Exercise prompt> Before anything else, drop the pictures; then return exactly the lines from the top of the listing through the line with "Bright streaks cross".

[Data block Boundary: Start]

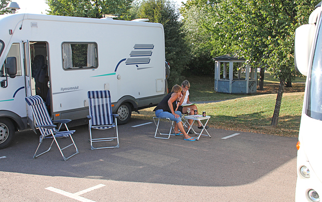 Vi startade med att träffa vännerna Ingegärd och Jan på den provisoriska ställplatsen vid skolan i Söderköping (öppen ca 15/6-15/8) där vi parkerat många gånger tidigare. Den stora fördelen här är att den har ett centralt läge bara ett stenkast från kanalen. Den enda servicen som finns är vatten och soptunna. Tömning kan ske på den närbelägna Korskullens camping som också inkasserar avgiften varje kväll. Ett annat alternativ är Ställplats Skeppsdockans Camping.
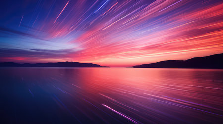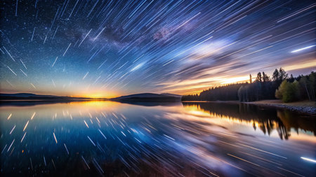 Bright streaks cross a starry sky above a tranquil landscape during twilight
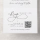 Este elegante encanto QR en una sola invitación a la boda es perfecto para un simple boda. El moderno diseño minimalista presenta una caligrafía romántica blanca y negra intemporal con un estilo bohemio de cuento de hadas. Incluya un código QR para que sus huéspedes puedan acceder a RSVP en línea. Escriba a mano las direcciones de los invitados en la parte posterior de la invitación plegada o compre pegatinas coordinados de etiquetas de direcciones de invitados (se venden por separado).
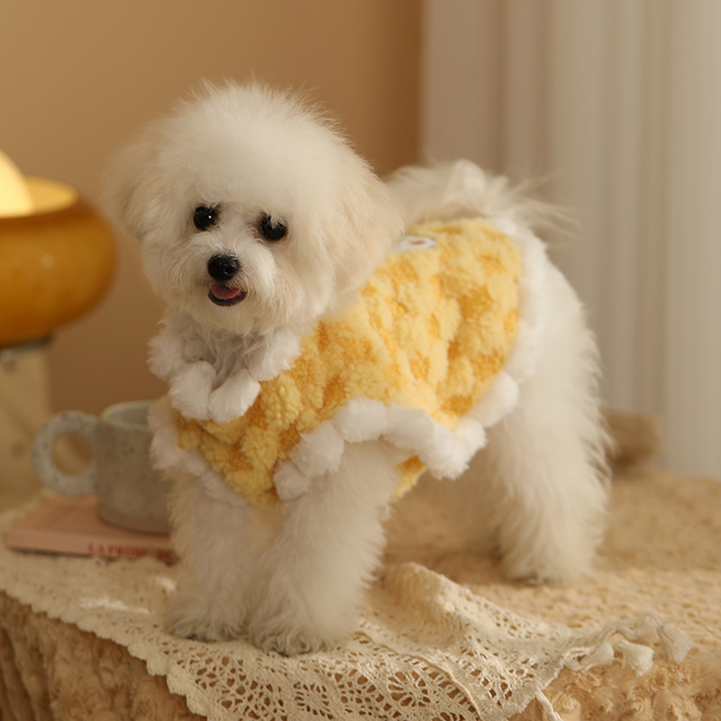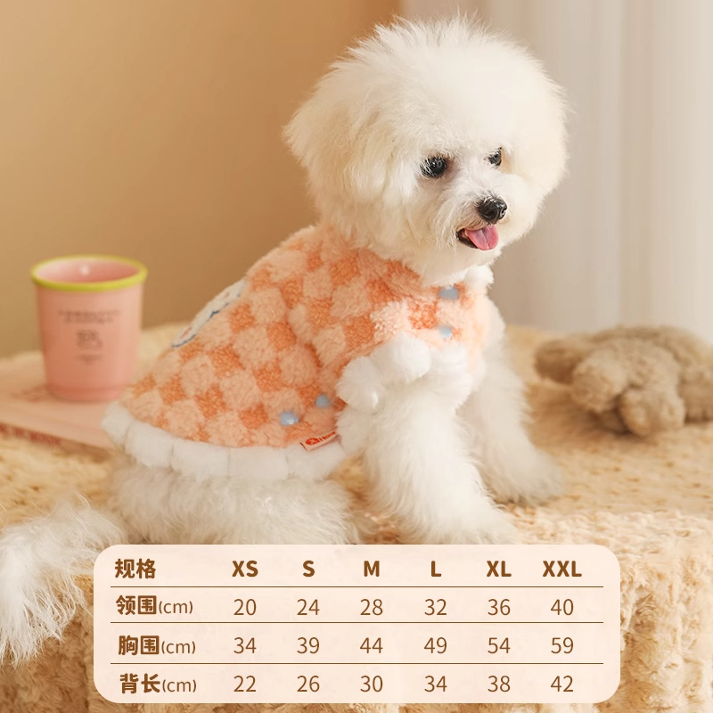 고양이 가을과 겨울 봉제 조끼 귀여운 격자 무늬 애완 동물 조끼 작은 개 새끼 고양이 따뜻한 옷

[Data block Boundary: End]

Answer space>
 Vi startade med att träffa vännerna Ingegärd och Jan på den provisoriska ställplatsen vid skolan i Söderköping (öppen ca 15/6-15/8) där vi parkerat många gånger tidigare. Den stora fördelen här är att den har ett centralt läge bara ett stenkast från kanalen. Den enda servicen som finns är vatten och soptunna. Tömning kan ske på den närbelägna Korskullens camping som också inkasserar avgiften varje kväll. Ett annat alternativ är Ställplats Skeppsdockans Camping.
 Bright streaks cross a starry sky above a tranquil landscape during twilight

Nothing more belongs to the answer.